— Рита, а вы учитесь иль работаете? — не выдержал художник.
— Ребенка ждем. Мужик ее в Чечне погиб. Контрактником нанялся, меня не спросившись. А дочка нынче — вдова! Вот родит дите, и чуть оно встанет на ноги, пошлю Ритку в институт, чтоб она не хуже старших была, при дипломе. А дитенка подмогну вырастить! Что делать, коль беда стужей в жизнь ворвалась? От ней никто не загородится и не сбежит, — смотрел, как изменилось выражение лица соседа. Любопытства не стало. Его сменило сочувствие. Горькие складки пролегли в уголках губ.
«Значит, знает цену потери. Помнит и свою утрату. Понимает горькое, что жизнь подкидывает в испытание. Вишь, какие шельмоватые глаза были. А как узнал, куда что делось? Перестал заглядывать на Ритку как на бабу. Вмиг остудило его», — подметил Тихон молча. Увидел, как дочь тихо прибирает со стола посуду, старается не встречаться взглядом с соседом, отворачивается, молчит.
— Тяжело терять. Особо самых близких нам людей. Их не забыть. Порою жить не хочется, когда память достает. Тут плохо в одиночку с нею бороться. Но надо крепиться. Хотя бы ради тех, кто скоро появится на свет. Их бы уберечь, — глянул на Ритку, та поспешила на кухню. — А знаете, Тихон, я тоже решил не сидеть без дела. И взялся рисовать нашу улицу. Картина будет называться «Окраина». В ней всякий дом своим лицом будет похож на судьбу хозяев. Непрестижная тема. Но мне — дорога.

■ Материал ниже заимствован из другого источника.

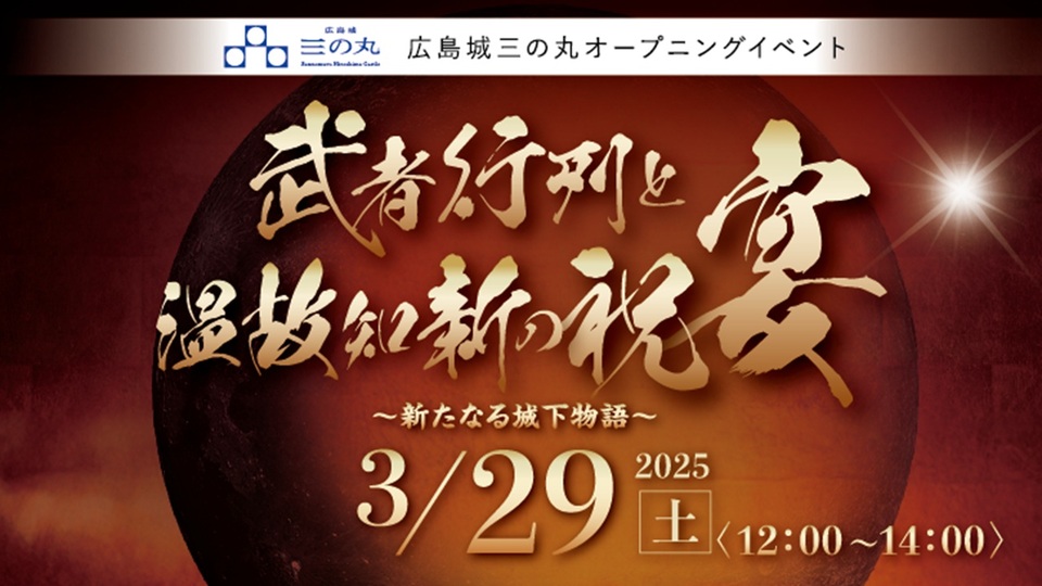 3月29日(土)12時~14時、広島城・三の丸エリアのオープンに合わせて、広島市中心部で武者行列「武者行列と温故知新の祝宴 ~新たなる城下物語~」が行われます。IRAWのライブ配信でぜひご覧ください!
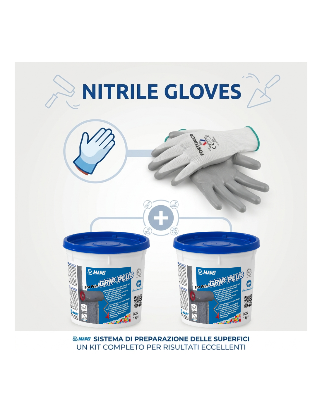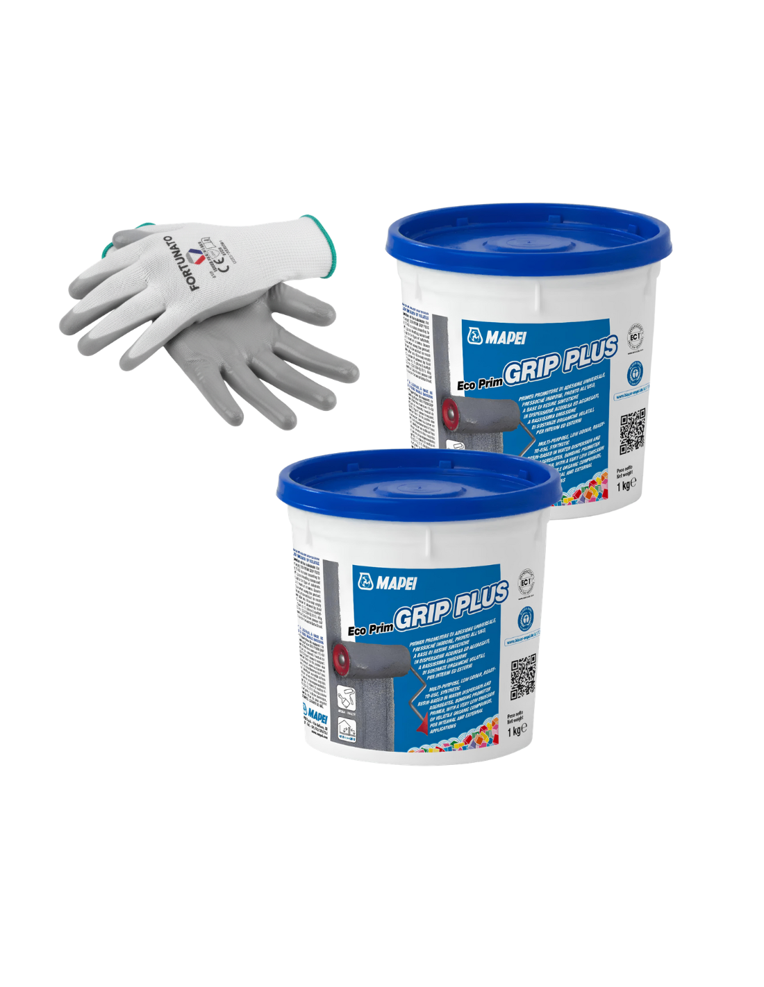 MAPEI Eco Prim Grip Plus Primer Adesione Pareti Pavimenti 2x1kg e Guanti Nitrile
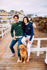Styling one of these locally embroidered sweatshirts is a walk in the park with two beautiful and classic colors available - Navy and Forest green. They’re perfect for layering and look great dressed up with an Oxford underneath. Or on those warmer days when you just want to play with your pup, the super soft brushed fleece interior makes layering them down a comfy option as well.
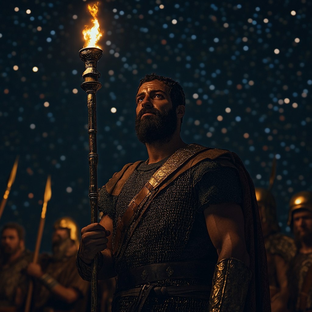 Создано на основе запроса: Gedeon, a strong Israelite leader with a determined face, standing before his 300 warriors, wearing a simple tunic and leather armor, gripping a torch and a trumpet, the night sky full of stars, hyper-realistic, photo realism, cinematography --- Автоперевод: Гедеон, сильный израильский лидер с решительным лицом, стоящим перед его 300 воинами, одетый в простую тунику и кожаную броню, зажигая факел и трубу, ночное небо, полное звезд, гиперреалистичный, фотореализм, кинематография Как тебе эта генерация? 🤔 https://dzen.ru/id/65c0c65c86e4f837c27b24d7 #ИИ #AI #нейросеть #midjourney #art

— Я тоже каждую печку подгоняю под хозяев. Лицом и норовом. Вон Андрею камин выложил. Весь в наворотах. С башенками, часами, с баром. Он, когда нагревается, — петь начинает. А зеркало отражает игру огня-углей. И когда сидишь у того камина, кажется, что в замок попал, большой, просторный, какие у господ были раньше. Слушаю голос Огня, и душа радуется, добрую сказку оставил людям опосля себя. Да и Уля на меня не в обиде. Ее печка и печет, и лечит справно. А вот тебе и не знаю, какую дожить. Что сам себе выберешь. Ты, коль надумал, посмотри у соседей. Может, понравится у Петровича? А глядишь, та, селивановская, иль у одесситов. На этой улице чужие руки никому печей не ставили. Всюду сами управляемся. И ты приживайся. То не беда, что в прошлом твоем не все гладко было. Оно у каждого, коль копни, без синяков и шишек не обошлось. Горем всякая судьба мечена. На то мы живые люди. Случается, сбиваемся с пути. Жизнь, она как ночь. Не всякую тропу луна высветит. Больше на ощупь ходить довелось. Потому вся морда и коленки сбитые. А к старости и вовсе — душа всмятку. Больно. Тяжко, обидно и ничего не выправить, не изменить. А так хочется все заново начать, но уже с мозгами. Знаешь отчего? Оттого, что все мы только телом стареем. Душа остается прежней. И болит от ошибок. Не соглашается с ними. Но не воротишь время. Лишь иногда себя жаль становится. Зачем жил необдуманно? — вздохнул Тихон.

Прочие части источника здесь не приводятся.